─── Task input
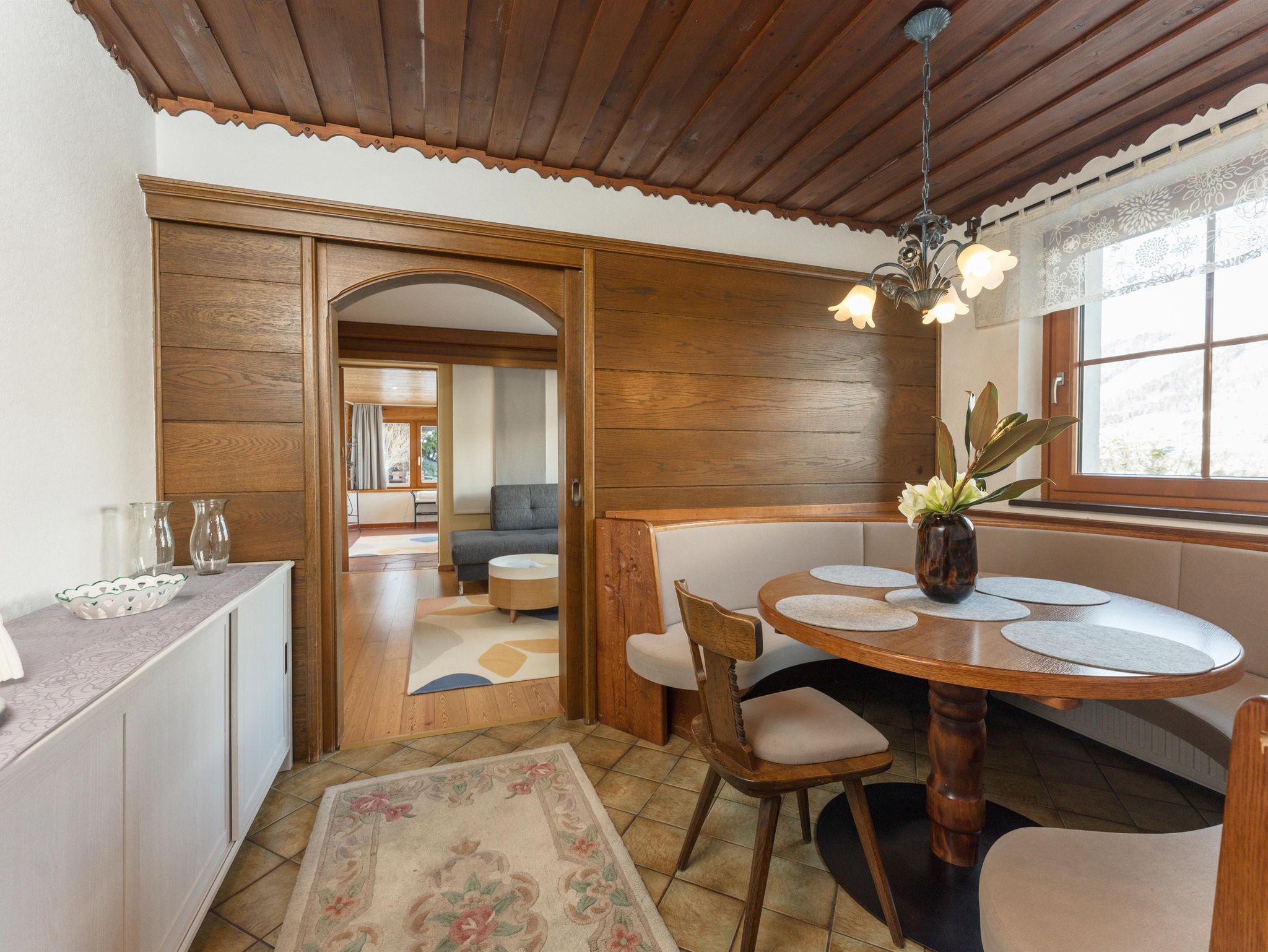 Top 2: 4 Personen - Im 2. Stock des Hauses teilt sich die Wohnfläche von 60 m² in eine Küche mit Essbereich, 2 separate Schlafzimmer mit Flatscreen, zwei Badezimmer sowie einen großzügigen Vorraum. Zudem verfügt die Ferienwohnung über zwei getrennte, großzügige Balkone die nach Nord sowie nach Süd ausgerichtet sind. Die Ausstattung des Appartements ist elegant-rustikal und zeichnet sich vor allem durch Komfort und Gemütlichkeit aus.
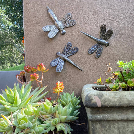6" Metal Dragonfly Art, Haiti Fair Trade Set of 3 Handmade Indoor Outdoor Haitian
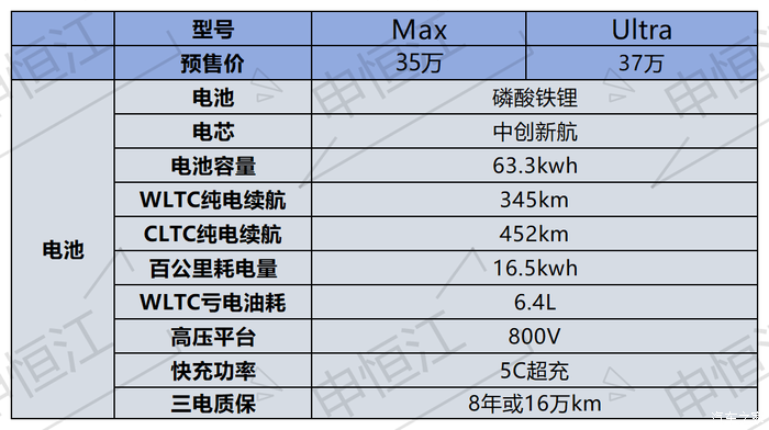 电池是中创新航的磷酸铁锂电池、63.3度、WLTC纯电续航345公里、CLTC纯电续航452公里、百公里耗电量16.5度、亏电油耗6.4L、800V高压充电平台、5C超充、三电质保8年或16万公里。
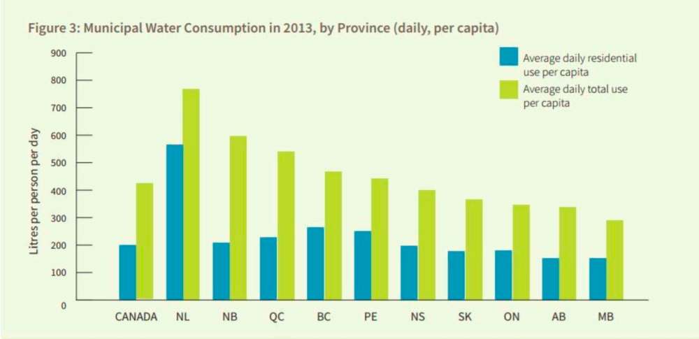 CANADA'S ECOFISCAL COMMISION / STATISTICS CANADA Tge average daily residential and total per capita consumption of water, by province.
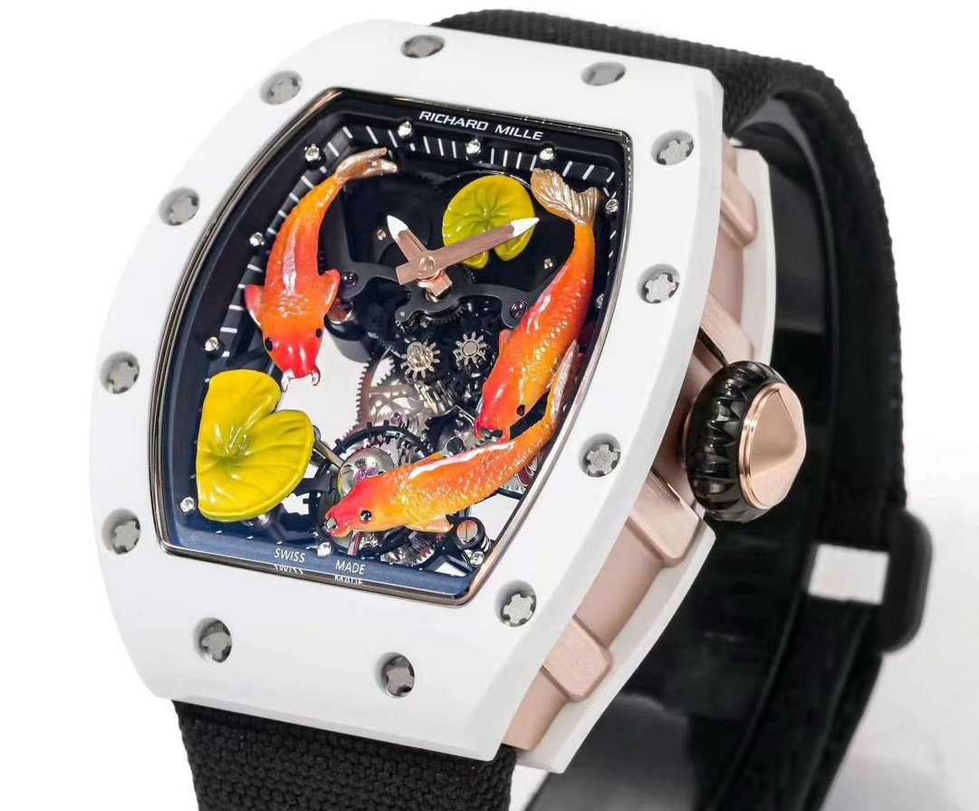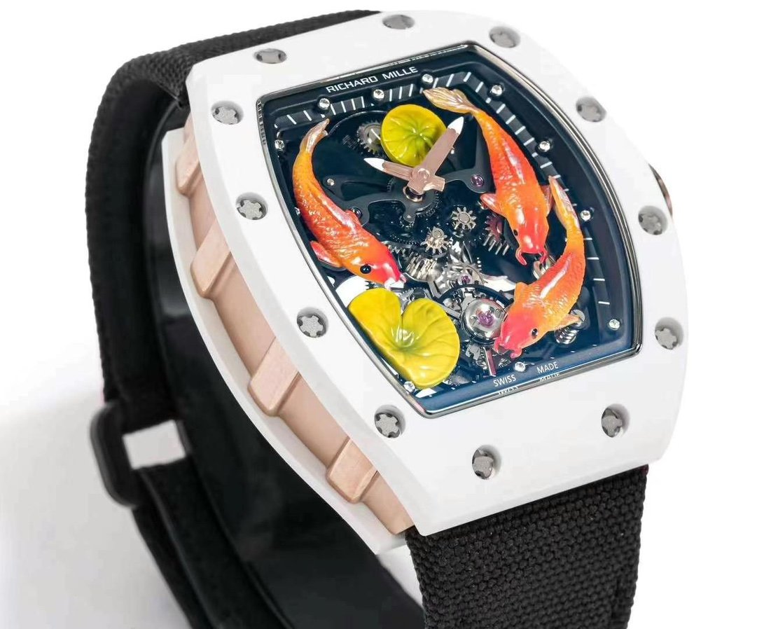 Richard Mille Replica RM S10 Koi Tourbillon Watch with White Ceramic Case — Premium 1:1 super clone. Case: Titanium / carbon composite tonneau case. Crystal: Genuine sapphire crystal front and back. Movement: Clone RM caliber (skeletonized automatic). 12-month movement warranty. Free worldwide shipping on orders over $1,200.
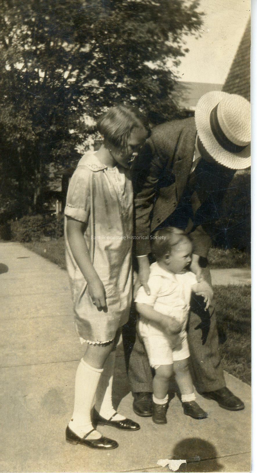 Black and white photograph cut in half of Alvin Morris Talley with stepdaughter Morgan Hazen [McCampbell and nephew James Talley II.
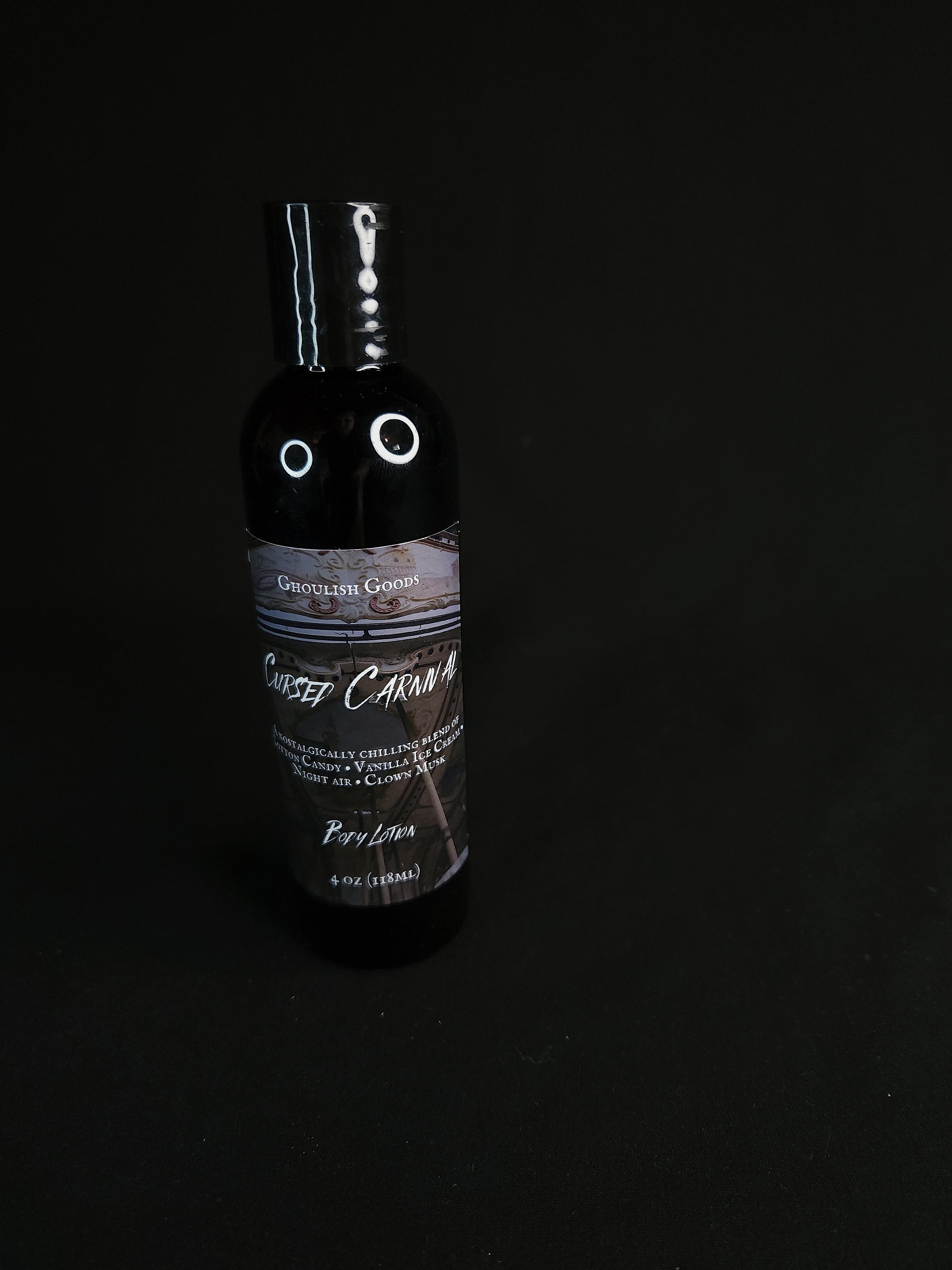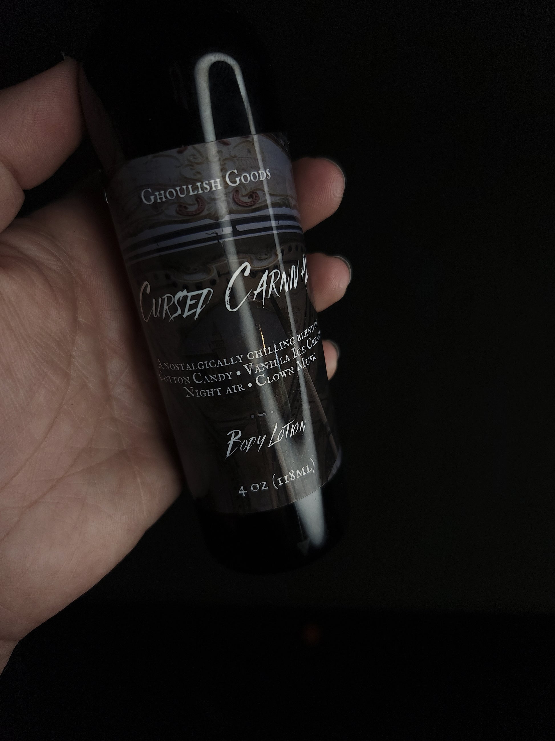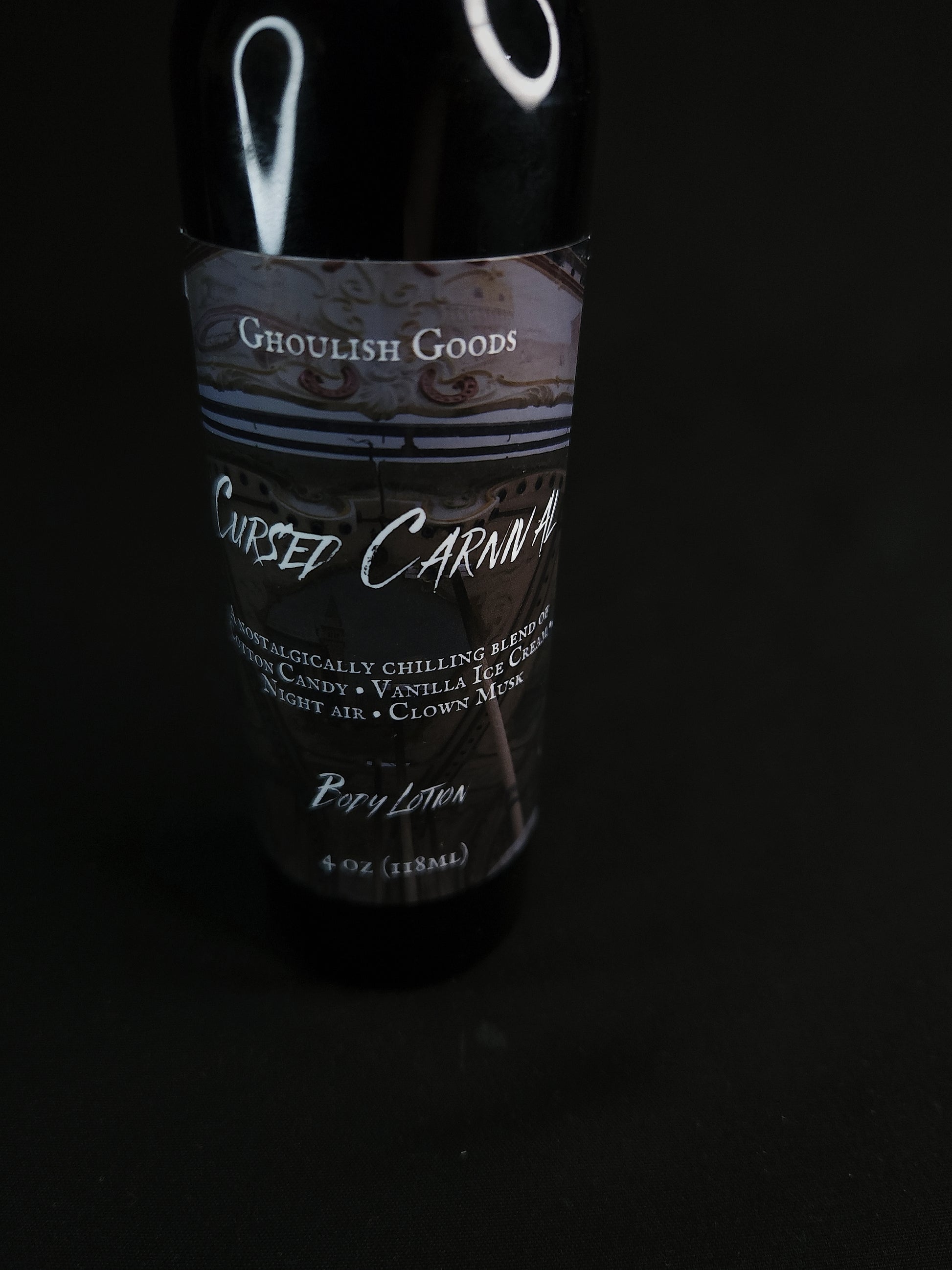 Cursed Carnival is a nostalgically chilling blend of pink cotton candy, vanilla ice cream, night air, and clown musk.
──────
## Action item
Copy all the material above exactly, but skip each image.

## Task output
 Top 2: 4 Personen - Im 2. Stock des Hauses teilt sich die Wohnfläche von 60 m² in eine Küche mit Essbereich, 2 separate Schlafzimmer mit Flatscreen, zwei Badezimmer sowie einen großzügigen Vorraum. Zudem verfügt die Ferienwohnung über zwei getrennte, großzügige Balkone die nach Nord sowie nach Süd ausgerichtet sind. Die Ausstattung des Appartements ist elegant-rustikal und zeichnet sich vor allem durch Komfort und Gemütlichkeit aus.
6" Metal Dragonfly Art, Haiti Fair Trade Set of 3 Handmade Indoor Outdoor Haitian
 电池是中创新航的磷酸铁锂电池、63.3度、WLTC纯电续航345公里、CLTC纯电续航452公里、百公里耗电量16.5度、亏电油耗6.4L、800V高压充电平台、5C超充、三电质保8年或16万公里。
 CANADA'S ECOFISCAL COMMISION / STATISTICS CANADA Tge average daily residential and total per capita consumption of water, by province.
 Richard Mille Replica RM S10 Koi Tourbillon Watch with White Ceramic Case — Premium 1:1 super clone. Case: Titanium / carbon composite tonneau case. Crystal: Genuine sapphire crystal front and back. Movement: Clone RM caliber (skeletonized automatic). 12-month movement warranty. Free worldwide shipping on orders over $1,200.
 Black and white photograph cut in half of Alvin Morris Talley with stepdaughter Morgan Hazen [McCampbell and nephew James Talley II.
 Cursed Carnival is a nostalgically chilling blend of pink cotton candy, vanilla ice cream, night air, and clown musk.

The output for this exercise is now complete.